P_r — probability of a conclusion of technology in t timepoint;

— — probability of achievement of a cash flow of t CF in t timepoint.

Pi

The method of the discounted cash flows taking into account risk (rDCF) expands an assessment of a method of the discounted cash flows (DCF), partially includes real options, provides various scenarios of development of the project and represents a simple tree which includes risk of failure at each stage of innovative development.

For a task of an indistinct variable when determining components it is necessary to multiply them statistically or analytically receiving sizes on coefficient of risk of their deviation from the expected sizes which would be set by an indistinct and linguistic variable in the form of triangular indistinct numbers.

The model expression of the following is: parameter A is approximately equal and in range [ a_max a_min].

Adjustment of parameter is determined by a formula:

^ka = ^{[ k}a min ’ ^kA ’ ^ka max ^]

k a = [k a m i n^A , k a m ax ]

Values of parameters are defined with the risk expressed by indistinct number (5) - (7).

rNPV . = V ^й   CF mn t * P ⁰

min   ^t=1(1 + rmax) * P rNPV ■ = YN m 1 n CFmint P°

r^V™  ^= 1 (,+r^p!

rNPV

^N t =

CF * P avt 1 0

(1 + r ) * P

̅         *

(   ̅)*

rNPV max

V N CF^ t * P o

^ t =¹ (1 + r mn ) * P 1

*

rNPV =∑    (    )*

To calculate the cost of the innovative project we suggest to interpret function of accessory as density of distribution and to consider a population mean and dispersion of the corresponding random variable.

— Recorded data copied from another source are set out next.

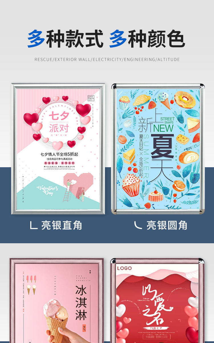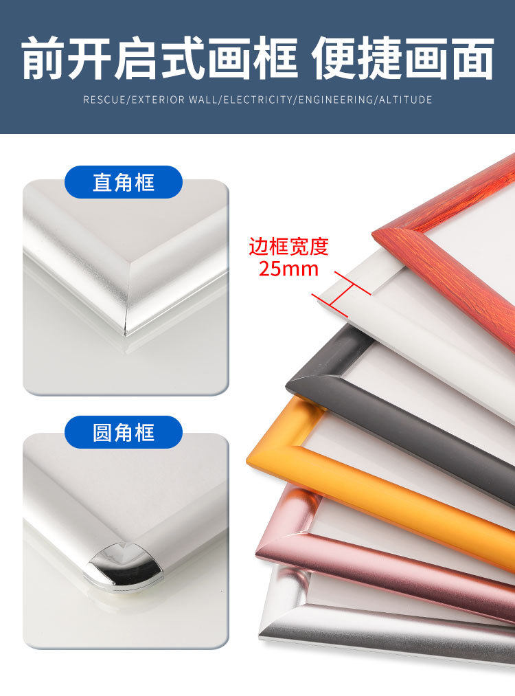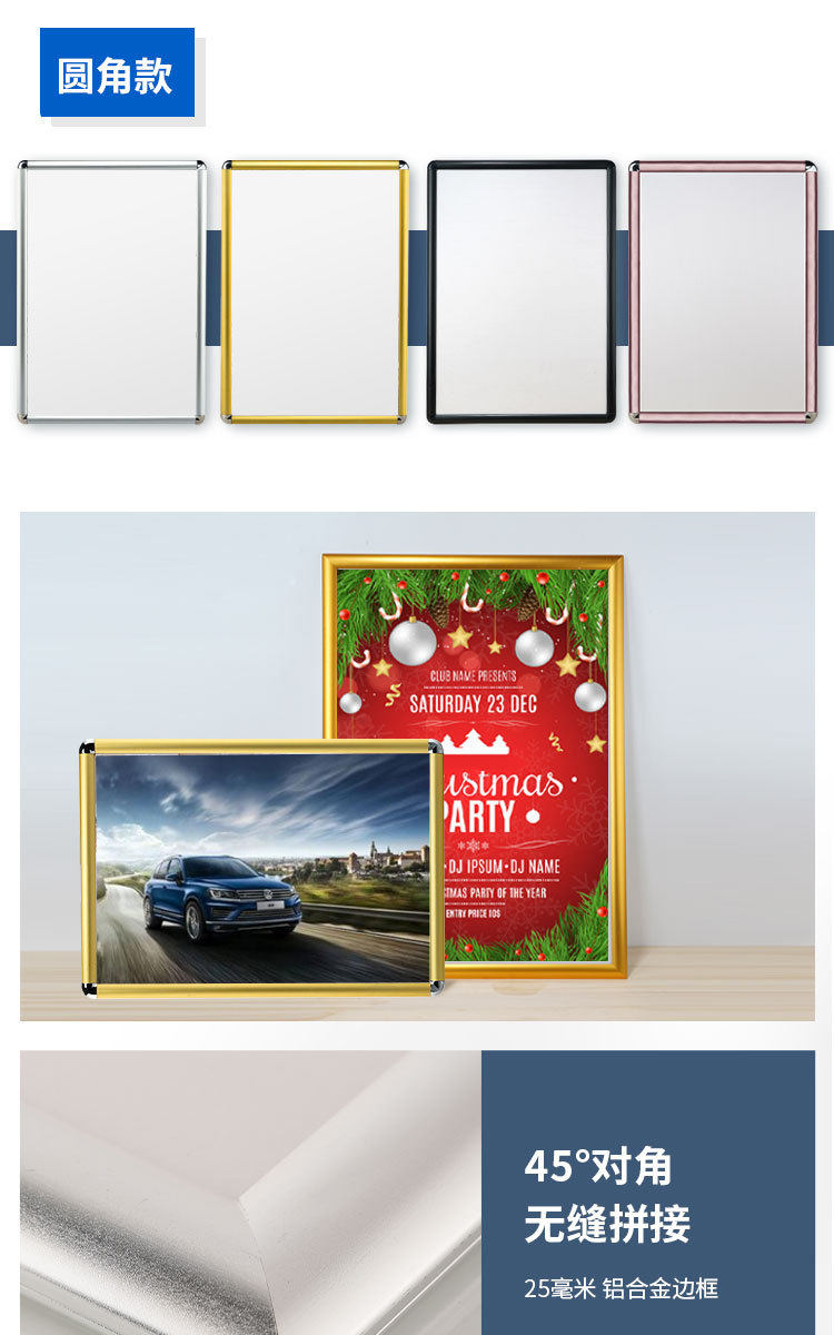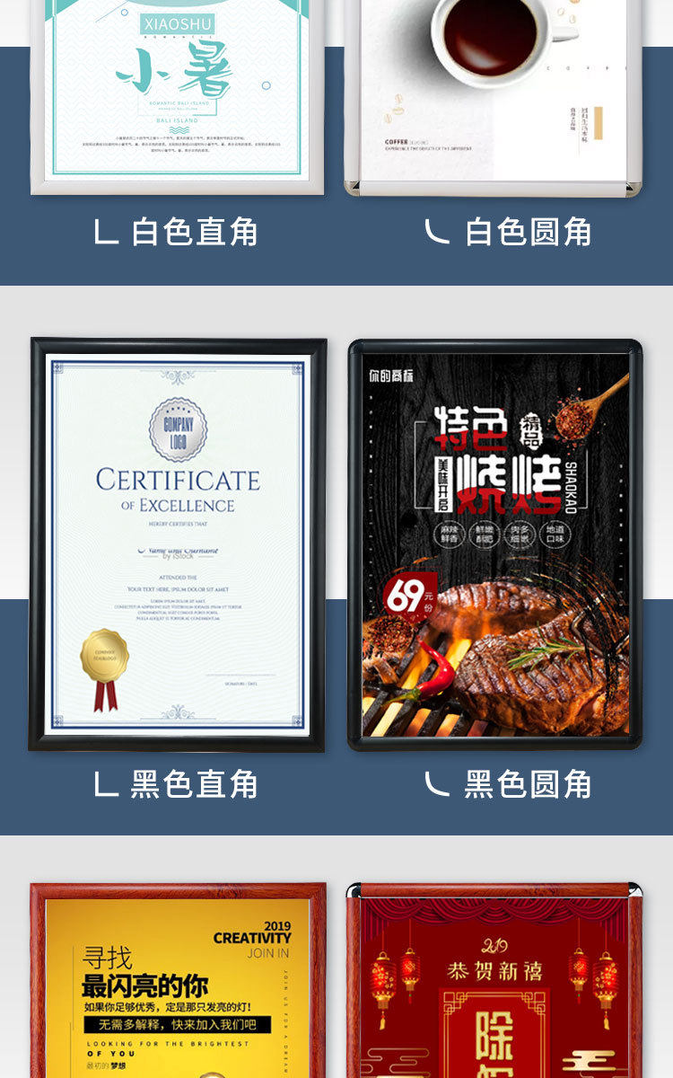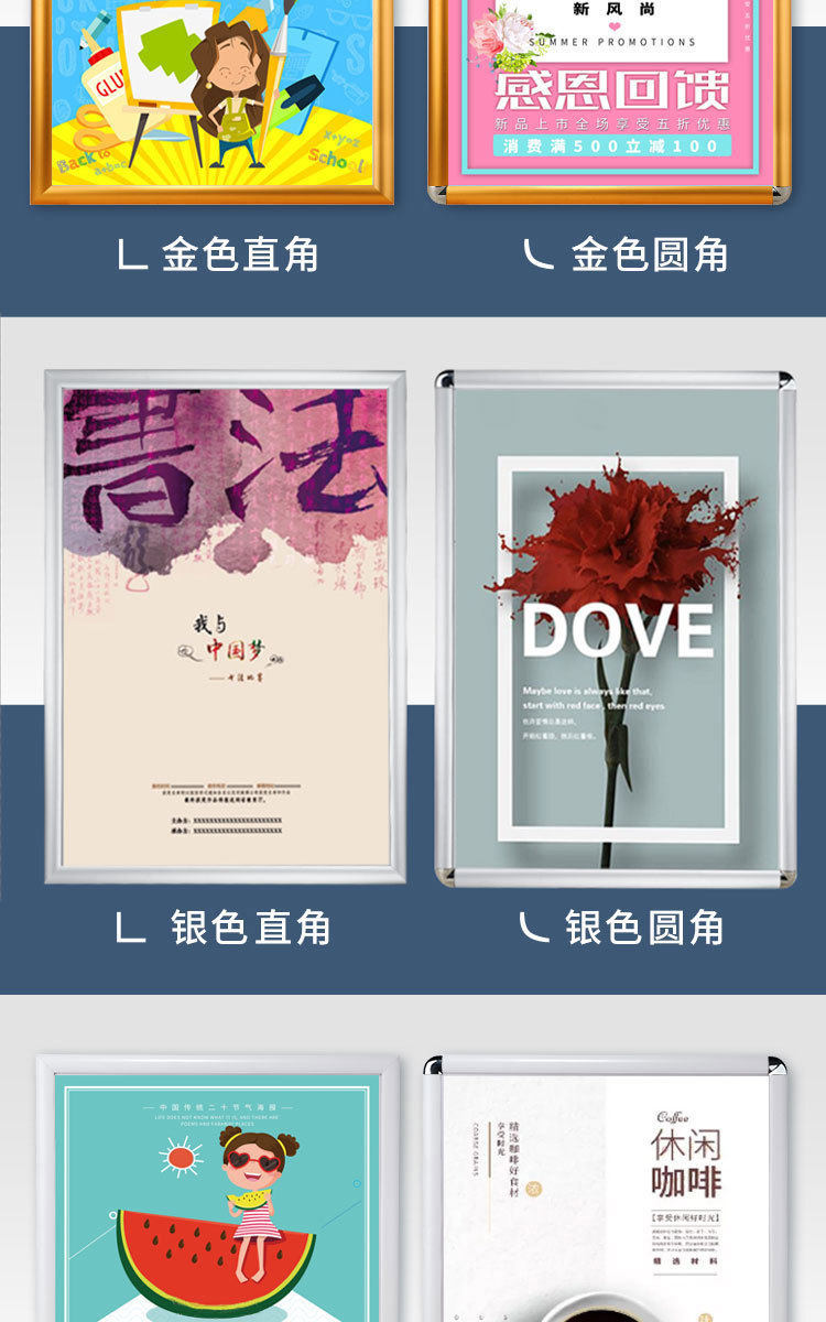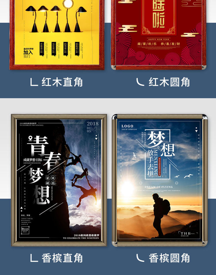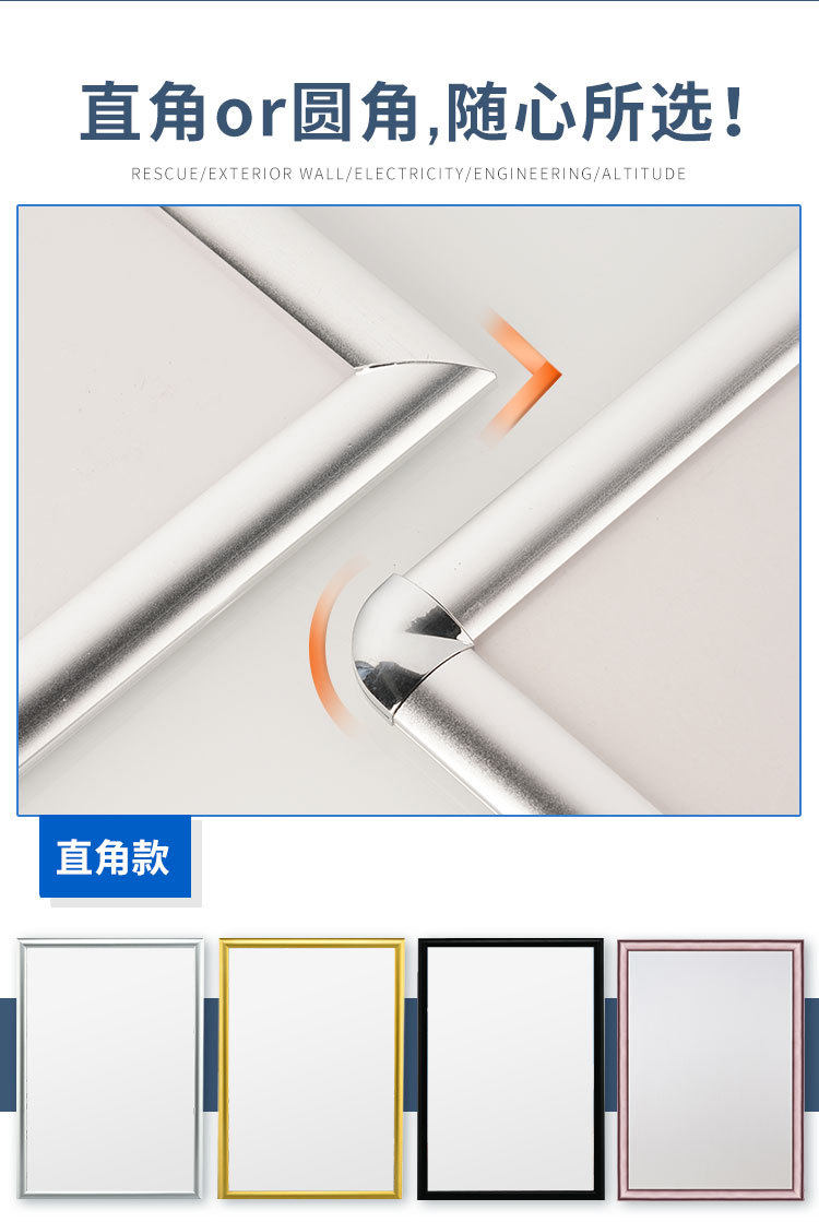 | Inner frame size | Silver Right Angle,Black right angle,Golden right angle,White right angle,Wood grain right angle,Bright Silver Right Angle,Silver fillet,Black rounded corners,Golden fillet,White fillet,Wood grain fillet,Bright Silver Fillet |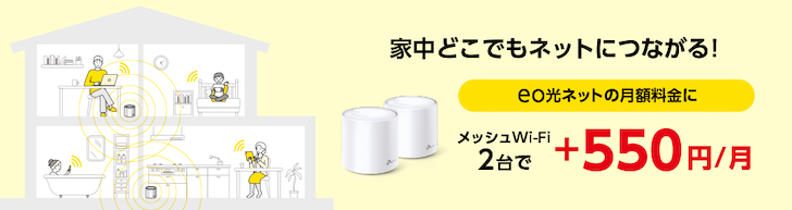 また、有線LANでインターネット通信の基盤をしっかり作りつつ、別室配線が必要な箇所はメッシュWi-Fiで補うのも一つの手でしょう。ケーブルが届かない場所をカバーする際には、「eoメッシュWi-Fiレンタルサービス」をご活用ください。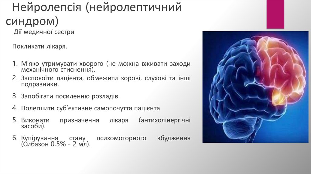 Нейролепсія (нейролептичний синдром)• Спостерігається як побічна дія внаслідок призначення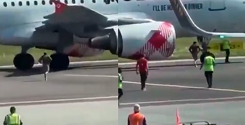 De acuerdo con las autoridades italianas, el hombre forzó la entrada a la pista de aterrizaje y, pese a los intentos del personal por detenerlo, logró acercarse a la turbina derecha del avión, justo en el momento en que este realizaba la maniobra de retroceso.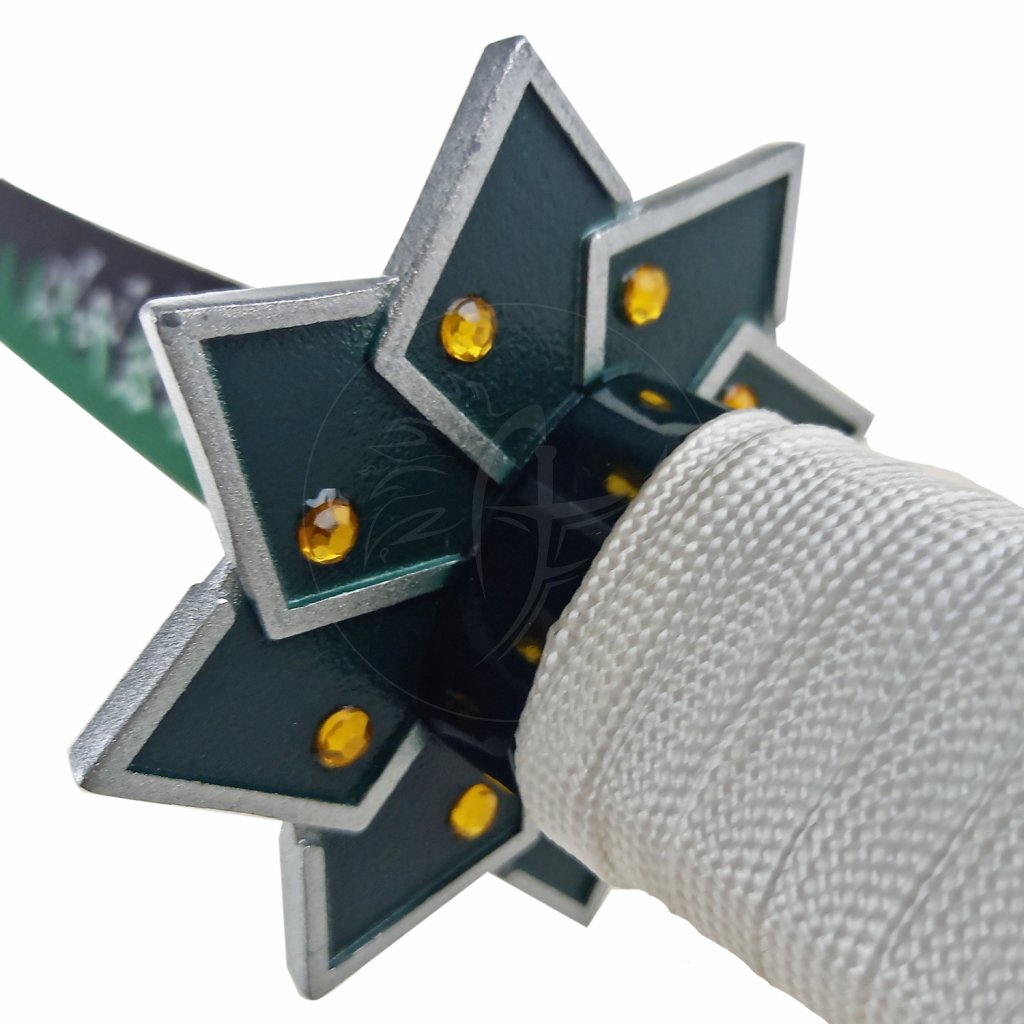 Hvězdovitá záštita je detailně zdobena stejně jako u originálu. Stejně jako čepel je vyrobena z nerezové oceli N420 a na ní navazuje rukojeť o délce 28,6 cm. Ta je vyrobena ze dřeva, které je překryto černou imitací rejnočí kůže, kterou překrývají 2 druhy opletu, bílý a zelený. K meči také patří dřevěná pochva ze dřeva, potažena černou ekokůží zdobenou bílými pruhy.

It is impossible to consider parameters of a random variable, operating with function of accessory of triangular indistinct number therefore we interpret this function as density of distribution of a random variable with the parameters corresponding to it - dispersion and population mean. In other words it is necessary to enter the complete parametrical description of behavior of a random variable at the normal law distribution of two parameters.

For determination of cost of a real option by rDCF method it is offered to use the following formula (8):

ROC =--- APos) ---* E ( A )

A( Pos ) + A ( Neg )

ROV=

(    )       _*

(     )    (     )

Possible average E(A) value for positive area of values for triangular indistinct number is determined in the following way.

Indistinct approach for the rDCF method gives additional opportunities to projects as it allows to consider interrelation between risk and opportunities.